The inside flap of the book sets my mind on skeptic mode immediately. I don't like overstaters (partly because I am one), and certainly not those who would suggest that for 2,000 years the church has missed the main point of its main text.
I am, however, walking away from this book with two things that I am grateful to have considered and learned. First, it is indeed interesting to consider the way the Gospels have been relayed in the context of the church. Wright points out convincingly that our very definition and understanding of "gospel" comes more from the Apostle Paul than it does the four books by that name. Unless we take the Gospels to be mere historical authentication that Christ has opened heavens doors, one must admit that the Gospels don't focus precisely in the same place that the epistles of Paul and others do. Additionally, the question is raised as to how the creeds go from chapter one to the final chapters of each Gospel: "...conceived by the Holy Spirit, born of the virgin Mary, suffered under Pontious Pilate, was crucified, dead, and buried." What about the miracles, the teaching, the discipline? What about the message of the KINGDOM, Wright asks.

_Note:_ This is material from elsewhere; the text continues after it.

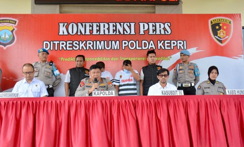Hal tersebut disampaikan langsung oleh Kapolda Kepri Irjen. Pol. Drs. Tabana Bangun, M.Si., didampingi oleh Wadir Ditreskrimum Polda Kepri AKBP Ary Baroto, S.I.K., M.H., Kasubdit IV Ditreskrimum Polda Kepri AKBP Achmad Suherlan, S.I.K., dan Paurmitra Subbid Penmas Bidhumas Polda Kepri Melda Rahmi, S.IP., M.I.Kom. pada saat Konferensi Pers di Mapolda Kepri. Rabu (15/3/2023) kemaren.

Second, even if one didn't make the time for the entire book, I found the final chapter very helpful and would recommend it. There, Wright offers not a critique of the creeds themselves, but a vision of what ought to be going through the orthodox believers mind as (s)he recites. They have guided the church through heresy, and they continue to stand as flags around which the universal church can be unified. How important it is that we not lose sight of what they mean.
It has been said that the best teacher makes Scripture more clear not less. Wright makes it more clear.